Revert the eof->success translation from the previous commit. The upstream rippled #6344 deliberately keeps forwarding ecResult as-is; translating eof to success would report a truncated Content-Length response (server closes before sending the promised N body bytes) as a successful read and suppress HTTPClient::get() multi-site fallback. Keeps the structural simplification (collapsed branches, early return).
get() bound shared_from_this() into mBuild (a member), forming a this -> mBuild -> shared_ptr<this> cycle that never broke after the request completed — leaking the HTTPClientImp and its socket FD. mBuild is only ever invoked from handleRequest(), which always runs inside an async handler already holding a shared_from_this(), so a non-owning this is safe and lets the object be destroyed once the request finishes.

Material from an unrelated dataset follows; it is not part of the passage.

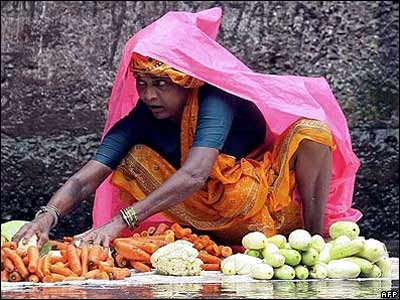ادامه باران های موسمی مانسون در هند: يک فروشنده سبزيجات در هند خود را از باران حفظ می کند.

Pre-existing (also present upstream in rippled); only the fetch path uses get(), not the webhook delivery path.
RPCSub_test (new): the webhook delivery flow control + EOF handling had zero automated coverage. Three cases drive events through a real local HTTP endpoint: delivery, delivery continues despite HTTP 500 responses (the #6341 stall, exercised via EOF-delimited error replies), and sending restarts after the queue drains (mSending reset). HTTPClient_test mock fixes: - heldSockets_: 'sendResponse=false' now genuinely holds the connection open instead of dropping the only socket shared_ptr (which closed it). testCleanupAfterTimeout now actually exercises the deadline path. - await-client-EOF on Content-Length responses: the mock decrements its connection count only when the CLIENT closes its socket, so activeConnectionCount() reflects client-side FD release rather than the server's own lifecycle — giving testGetSelfReferenceCleanup real teeth. - poll helpers replace fixed sleeps for the cross-thread count checks.
The RPCSub tests crashed/timed out under the instrumented Debug coverage build (where the full HTTP stack is ~50x slower than Release): - Deterministic teardown: wait on JobQueue::getJobCountTotal( jtCLIENT_SUBSCRIBE) == 0 before destroying the sub. sendThread captures a raw `this`; a fixed-sleep grace raced it under slow builds → UAF. - Lower per-test event counts (50 -> 10) so a handful of real HTTP deliveries finish well within the timeout under instrumentation. Queue-cap drop coverage: make_RPCSub gains a defaulted maxQueueSize parameter (production default unchanged at 16384) so a test can set a tiny cap and exercise the drop path by out-pacing delivery — enqueue is microsecond-fast while each delivery is a full round-trip — instead of queueing 16384 events. New testQueueCapDrops confirms some events are delivered and some dropped. Raises RPCSub.cpp patch coverage 62% -> 87% (overall diff 65% -> 87%); the only remaining uncovered lines are the defensive sendThread exception catches.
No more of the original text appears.